Went through a bad (READ divorced an atty)
divorce moved to St. Louis....decided I needed to do what I love....COOK. I was raising my 3 sons and have one with autism.
So started personal cheffing, I needed the higher income and flex time. Joined the Mycological group and started doing mycofogies, I talked at their national conference last year. I cook for Sweat and Chanterelle, Morel Madness, and Every year I cook 4 meals for 80 gormands at a girl scout camp(3 hours away)
I love creating a fun menu with boundries..
Loads of wild mushrooms, vegetarians, bag lunches that will be in field for hours, big healthy fun dinner, and a brunch. I love grabbing a portable burner, oil, salt and cooking chanterelles in the woods or doing cream and morels for 200 hunters in a state park.....So now I've evolved to teaching, many different venues including kosher (I'm not Jewish)
Consult on cooking classroom constuction, consult with Kosher caterers,personal chef for 2 families, starting/running a farmers' market
with cooking demos, walkarounds, farmer sustainability talk and musiciansthat opens in Sept. I'm program chair for a professional food group next year, I'm chair of Mo. Chefs Collaborative ....And raise my 3 sons. As of last Oct. I started dating a wine guy, which is really exciting. So doing what I love makes life enjoyable and what seems like a chore to others is exciting to me.


----------



## momoreg (Mar 4, 2000)

I am 34, and have been working in food since 1982, starting in a vocational program in high school (which took up half the schhol day every day for 11th and 12th grade). That was a culinary course, where I decided I'd rather do pastry. In the meantime, I worked in Roy Rogers and an old age home, also cooking.
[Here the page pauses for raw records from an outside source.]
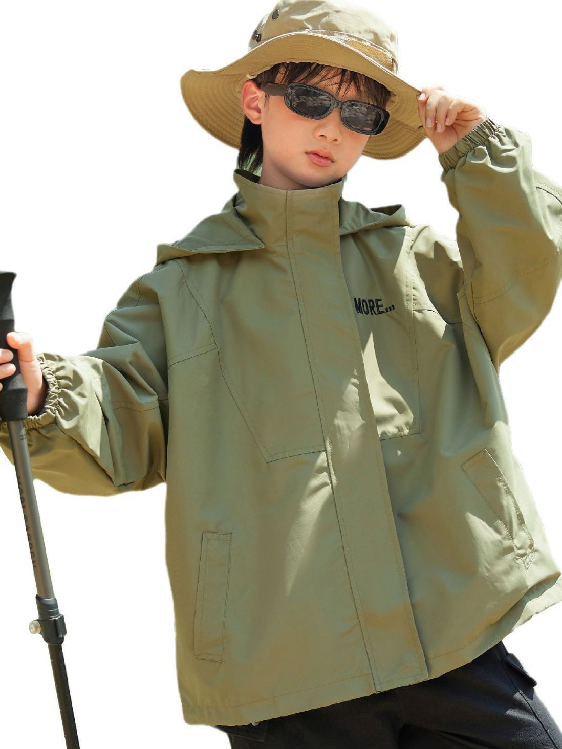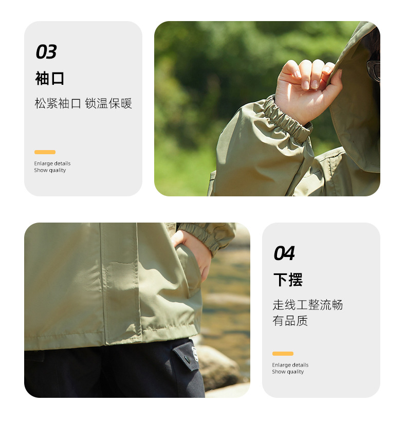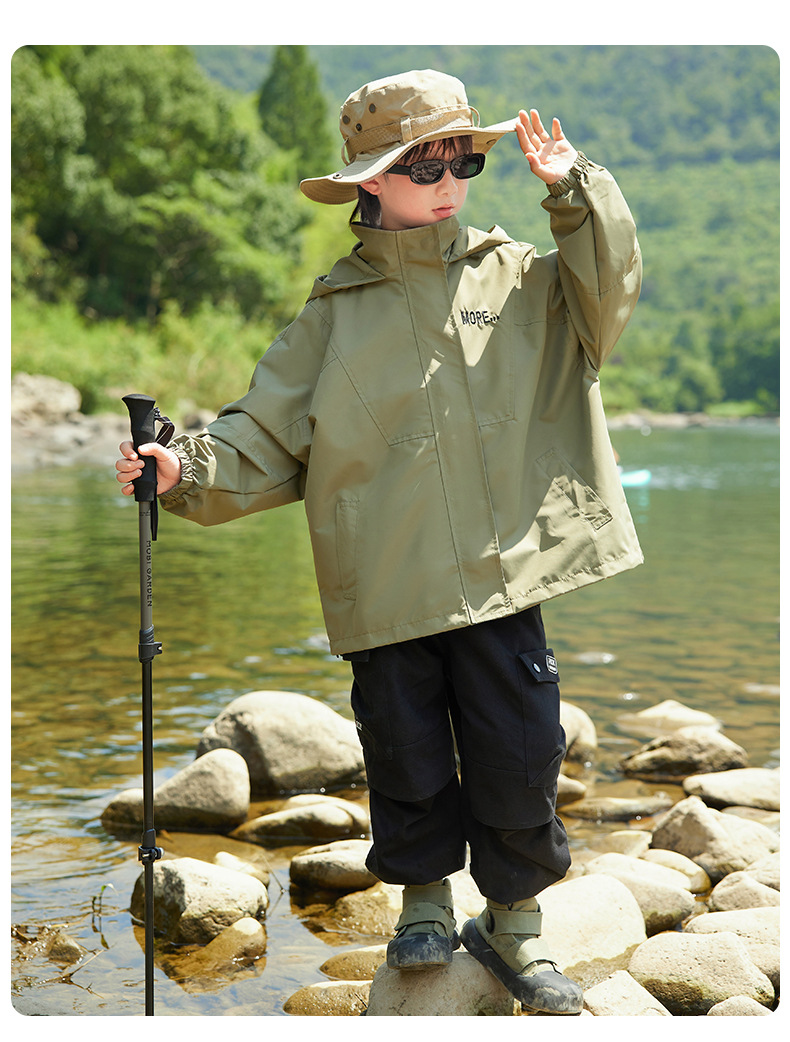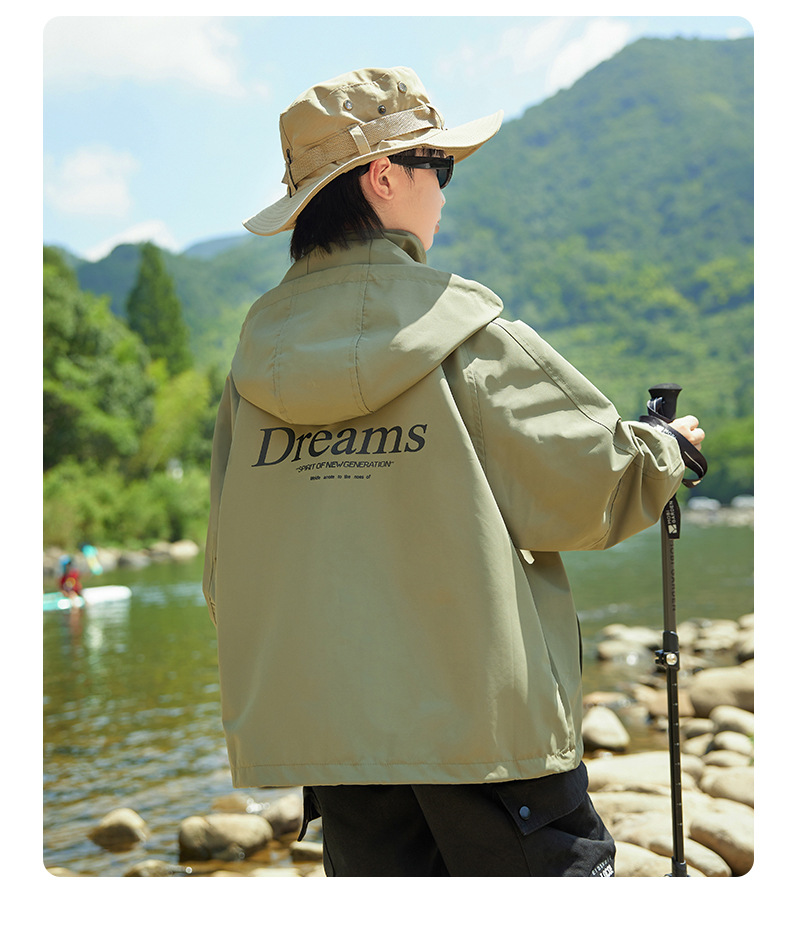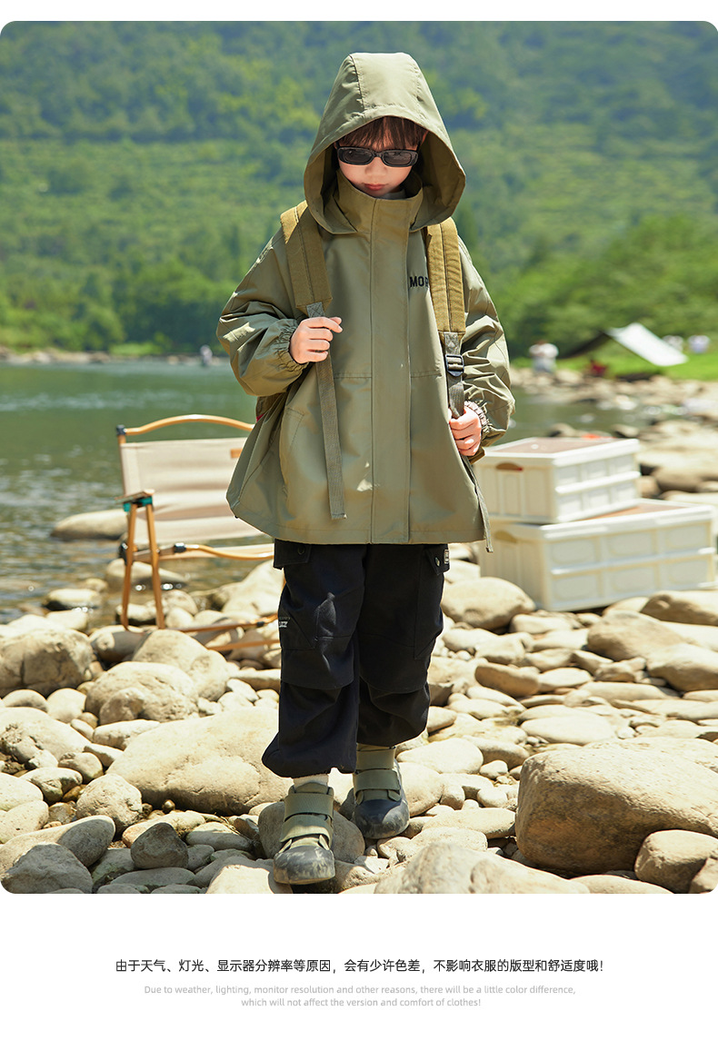 男童字母印花户外三防冲锋衣2023秋季新款中大童简约纯色连帽外套
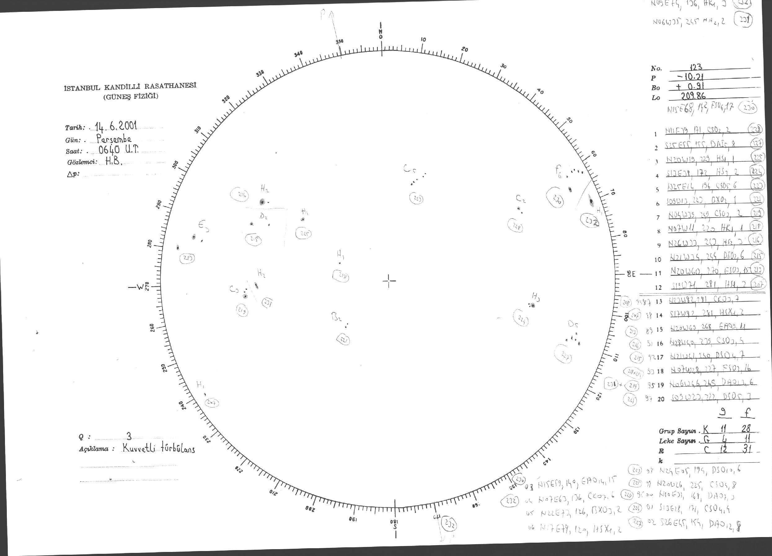 Güneş Lekesi Çizimi - 14.06.2001
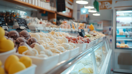 Colorful variety of ice cream flavors displayed in a bustling shop during a warm summer afternoon
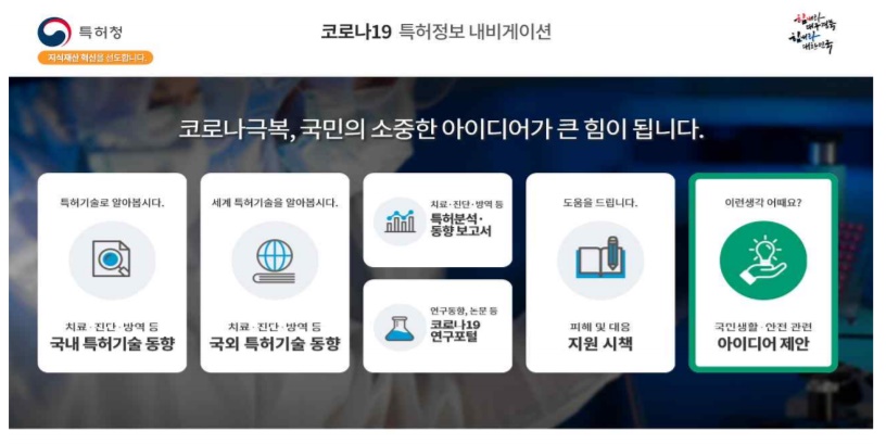 제공하는 특허정보의 범위를 해외특허까지 확대하여 학교와 연구기관의 코로나19 관련 연구원에게 실질적인 도움을 주기 위해 구축됐다.
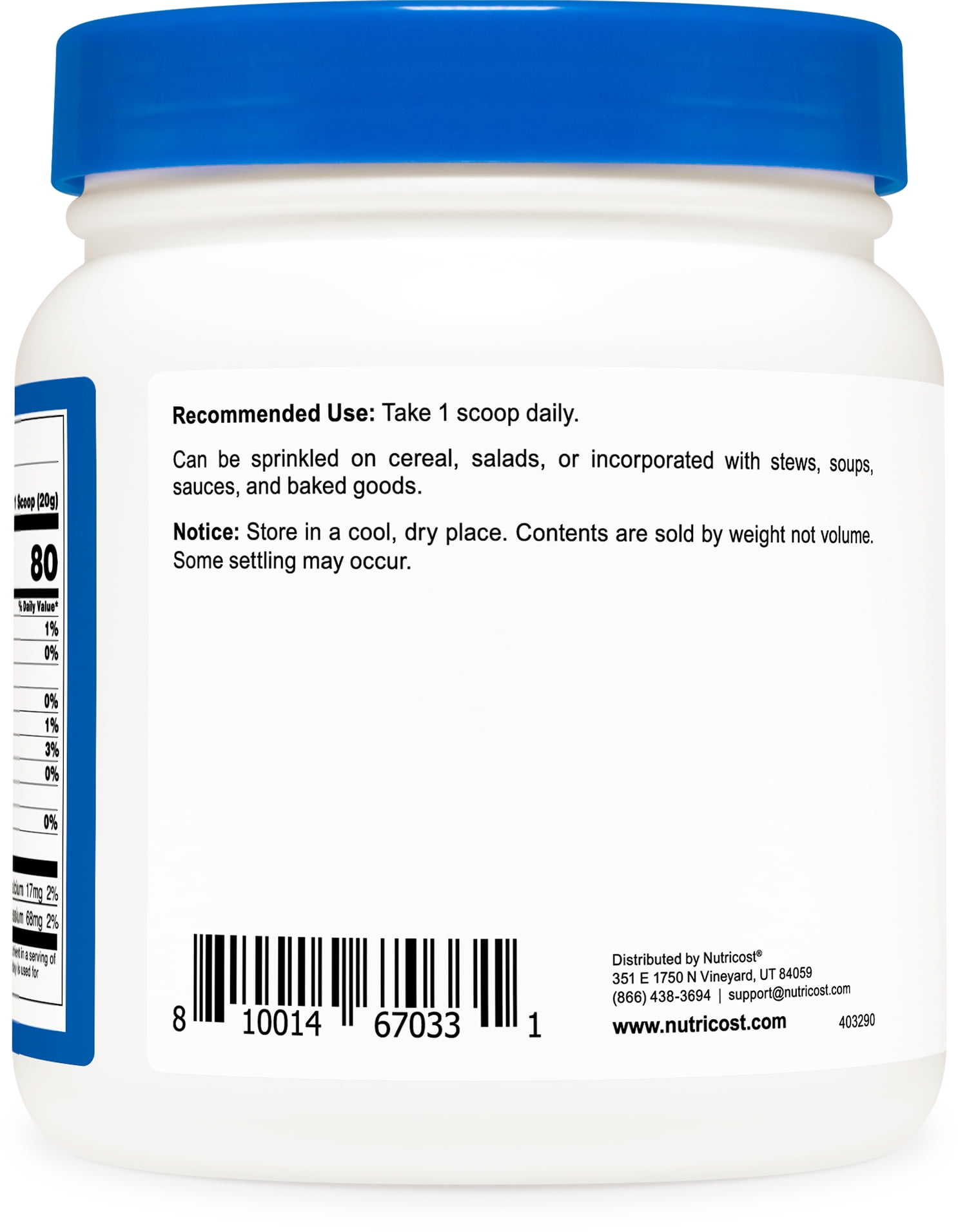 Nutricost Brewer’s yeast is a one sell fungus known as Saccharomyces cerevisiae. Use Brewer’s Yeast Powder in baked goods, or on top of cereals or salads. Also it can be used by blending it into smoothies. This brewers yeast is derived from molasses and is unflavored, and unsweetened causing it to be naturally bitter. For healthy individuals 18 years and older. Consult a healthcare professional prior to use if you are pregnant or nursing, taking medication, or have a medical condition. Keep out of reach of children. Do not use if safety seal is broken or missing.
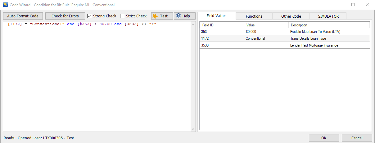 The Code Wizard plugin in Lender Toolkit’s Toolshed is a powerful tool for writing advanced code in Milestone Conditions, Field Triggers, or any other Encompass Business Rule Configuration screen. It provides powerful IDE-like (Integrated Development Environment) functionality such as Auto-Complete, Syntax Highlighting, Variable/Field Value monitoring, a Function dictionary and reference, as well as a robust Loan Simulator for testing your code without modifying an actual loan’s data.

I spent a few months working in the pastry dept. of a HIlton, then off I went to J&W in 1984, where I took 2 years of pastry. I was immediately hired at a large hotel in NYC, stayed there for 3 years, then went on to work in mostly large restaurants. For 2 1/2 years, I worked in a kosher mediterranean restaurant in midtown, before moving up to Connecticut. It's a much better life here, and I'm a patry chef for an upscale caterer. I think the work is much more rewarding than restaurants, but I sometimes think of going back to hotels. Other passions of mine include bellydance, skydiving, weightlifting, and rabbits. I was married on 8/8/99, and have no kids.


----------



## cookm (Aug 8, 2000)

Hello Everyone,
I enjoy the cafe very much. I live in Oakland, CA which is great for me because I can further my main interests: food, spirituality, health, music, and books. I've been cooking for 10 1/2 years. Went to a JC for my certificate in cooking and got a job at a well-known East Bay restaurant. From there, I worked at the now defunct China Moon, a bakery, a Spanish tapas place, and now a high end catering company. My philosophy about food is this: simply use the best, seasonal ingredients. I feel lucky to live here cause we have such a variety and an interest here. But now, I will be closing the chapter on cooking and going to web design school. I really don't want a restaurant and I don't want to be a chef, and I need to start making money now. Oh, I'll miss the pirate life of a renegade cook, and I'm planning my last blast farewell dinner blowout. 
The last 2 cookbooks I bought are the latest Chez Panisse and Savoring the Spice Coast of India. I am inspired by monumental Meyer lemons and grand peaches.

Over and out,
cookM


----------



## cape chef (Jul 31, 2000)

Hi all, 
what great stories and backrounds. I'll keep it short. 20+ years cooking. j&w grad 1980 , school for american chefs Graduate scholorship program 1990. Master chef program cia Napa vally 2000. 2 children, married 15 years. love to cook, executive chef in private hotel in ct, 25 reporting, enjoy wine, a day off and my family.my greatest accomplishment in my career is to keep learning and never stop teaching. I have a lot of respect for all these wonderful stories. thanks Nicko for bringing us this site. the procces never ends


----------



## unichef (Aug 14, 2000)

I grew up in a family of actors. We lived in NYC and I worked most of my childhood on TV and movies. I was on the original cast of All My Children and Where the Heart Is. 
http://us.imdb.com/Name?Bersell,+Mike

On my way home from work I would stop by a pizza joint where a friend worked. Joe of Italy on Broadway and 90th. I would help out grating cheese, portioning dough, etc.. After my friend quit, I would still stop in and work for free. One day the owner pulls me aside and offers me a job- I think it was $1.60 an hour. He couldn't figure out why I turned down the job and would still come back and work for free. He had no idea what I did. At the time I was making $250 a day on the soaps- not bad scratch in 1973 for a 14 year old.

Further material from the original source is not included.